Your Personal Credit Score Sucks

Prior to applying for any loan, make sure your credit is up to snuff. You can check your credit completely free of charge and obtain a detailed credit report once a year. It will include reports from each of the major credit reporting agencies in the United States (Equifax, Experian, and TransUnion). As a rule of thumb, anything below 630 is considered a poor credit score.

Individuals with low credit scores can have a significantly harder time procuring business loans (find lenders) and locking down better interest rates and terms. So, it may be worth the effort of cleaning up one’s credit prior to seeking external funding.

If this is where you’re at, don’t fret. Focus on building up your credit and really fine-tune your business idea. Who knows, maybe that extra time will open up even more opportunities for you in the long run.

If you have a low personal credit score, or one that does not seems as high as it should be based on your credit history, make sure to go over your credit history in detail.
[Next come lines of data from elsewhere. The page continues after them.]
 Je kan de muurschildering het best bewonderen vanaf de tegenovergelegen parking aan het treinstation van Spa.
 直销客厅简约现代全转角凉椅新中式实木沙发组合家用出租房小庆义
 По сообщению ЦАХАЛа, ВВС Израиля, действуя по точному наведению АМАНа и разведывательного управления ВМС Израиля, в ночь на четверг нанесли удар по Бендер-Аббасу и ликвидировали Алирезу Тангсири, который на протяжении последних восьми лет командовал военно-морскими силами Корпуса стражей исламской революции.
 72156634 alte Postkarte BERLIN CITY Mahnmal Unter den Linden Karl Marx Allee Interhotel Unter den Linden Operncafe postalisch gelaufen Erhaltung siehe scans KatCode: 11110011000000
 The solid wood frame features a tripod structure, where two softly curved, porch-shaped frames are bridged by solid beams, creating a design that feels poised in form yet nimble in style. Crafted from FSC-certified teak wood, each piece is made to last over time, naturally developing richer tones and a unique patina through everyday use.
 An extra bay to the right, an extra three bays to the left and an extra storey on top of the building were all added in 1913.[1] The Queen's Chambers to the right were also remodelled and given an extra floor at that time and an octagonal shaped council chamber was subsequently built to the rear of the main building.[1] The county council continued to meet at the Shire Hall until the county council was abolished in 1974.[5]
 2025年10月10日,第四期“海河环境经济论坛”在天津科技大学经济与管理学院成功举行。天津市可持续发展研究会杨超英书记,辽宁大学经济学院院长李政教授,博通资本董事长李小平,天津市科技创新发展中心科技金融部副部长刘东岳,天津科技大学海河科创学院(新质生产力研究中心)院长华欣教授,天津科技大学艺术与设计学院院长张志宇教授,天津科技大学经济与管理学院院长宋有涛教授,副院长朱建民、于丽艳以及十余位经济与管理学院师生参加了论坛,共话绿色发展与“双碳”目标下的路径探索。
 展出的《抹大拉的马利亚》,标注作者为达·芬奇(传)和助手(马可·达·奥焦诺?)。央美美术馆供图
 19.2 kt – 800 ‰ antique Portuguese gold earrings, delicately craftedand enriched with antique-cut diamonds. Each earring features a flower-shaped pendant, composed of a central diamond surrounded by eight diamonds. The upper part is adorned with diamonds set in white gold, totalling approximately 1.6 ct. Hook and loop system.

Contest any and all credit reporting errors in writing, as advised by the FTC.

A recent study by the Federal Trade Commission found that as many as “one in five consumers had an error that was subsequently corrected by a credit reporting agency after it was disputed. (source: Marketwatch).” Hence, errors in reporting are common. It is well worth your time and energy to fish for these errors and report them so that they can be removed from your personal credit history.

Your Business Credit Score Sucks

Unlike personal credit scores which generally range from 300-850, your business credit score will range from 0-100, with 100 being the highest possible rating. Businesses that carry large balances of debt in relation to their available credit limits (called the “balance-to-limit ratio”) may see this have a negative impact on their credit rating. So, even if you have an available credit line of $100,000 it may be smart to use only a fraction of that available credit. Your payment history with vendors, number of times your business credit score has been pulled, and even your business structure (as a corporation, sole proprietorship, etc.) are factors which can contribute to your business credit score. Tips on how to improve your score can be found in this SBA article by business credit expert Mark Carbajo.
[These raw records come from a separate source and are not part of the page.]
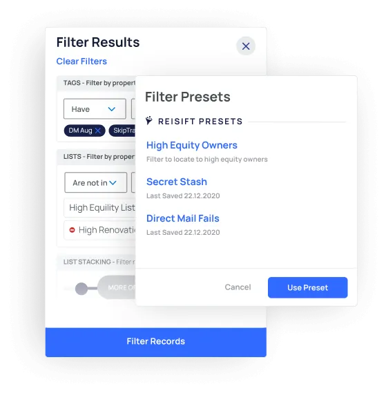 Your marketing is only as effective as your data allows. With REISift, you can improve list hygiene for more targeted marketing campaigns. Organize and filter your data so it’s worthy of your marketing budget.
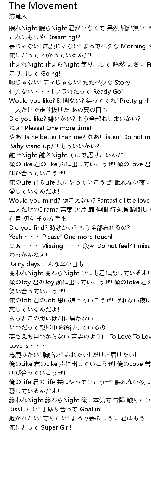 | 抱かれたい! 守りたい! まるで夢のように 君はもう 俺にとって Super Girl! |
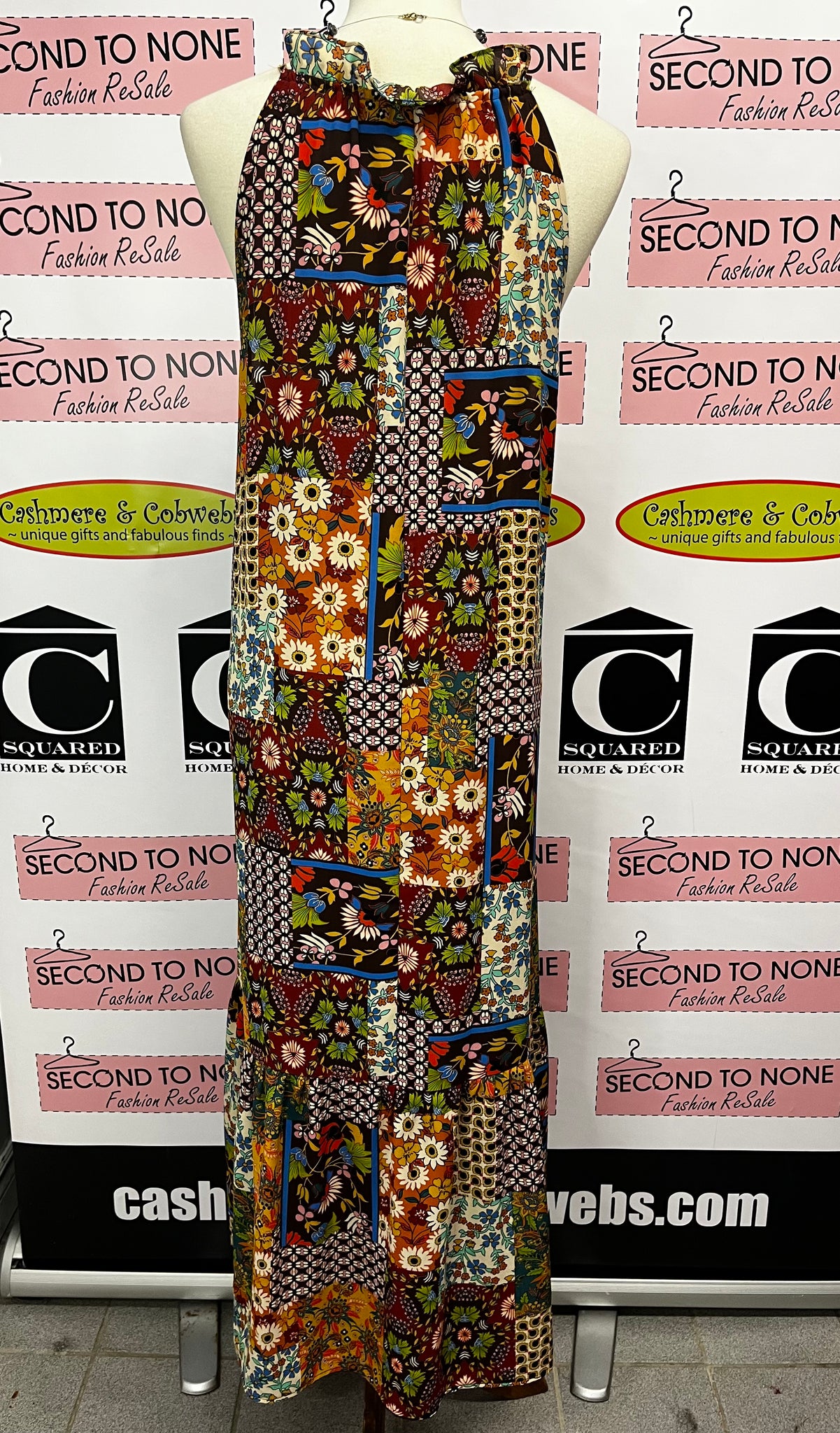 Be a fashion game-changer with our Portugal-Looking Maxi Dress. This dress features a colorful patchwork-inspired print, a tie at the neckline and a large ruffle hem. Lightweight and perfect for traveling, you can also add a belt for an extra fabulous look. (Quirky and fun, this dress will turn heads wherever you go!) Emma & Michele brand. 100% polyester.

Innovative Start-ups Can Have a Tougher Time Securing Business Loans

Are you trying to create something new and innovative that really pushes the boundaries? Do you need a whopping amount of cash for those newest technologies that will enable you to be the best start up company the world has ever seen?! Okay, so maybe that sounds a little far-fetched, but it seems to be the MO for a lot of budding entrepreneur types.

Not to squelch your fiery enthusiasm, but those super-specialized, never-been-done-before businesses are oftentimes not particularly enticing to most lenders. With little track record and few to no similar businesses to look at for viability and market projections, investors have little data to go on which is what they need to make an educated decision. If, however, your credit score is good and you feel comfortable putting up your personal assets as collateral, you may feel you’re ready to proceed with applying for a loan. This brings us to our next point…

Consider the Potential Collateral Damage

Business loans are definitely a bad idea if, after careful consideration, you decide you have too much to lose.

Business loan administrators will typically have you collateralize the loan against any and all of the business assets that you own. So, if you’re putting up collateral in order to secure a loan, ask yourself if it’s really worth putting everything on the line. This is doubly true if your venture is high risk.

Having the energy, drive and determination it takes to start your own business is a noble feat indeed. Doing your research and reading articles like this one is smart. But being able to take a sober assessment of where your business is at and determine whether it’s smart to apply for a loan today, a year from now, or not at all is pure wisdom.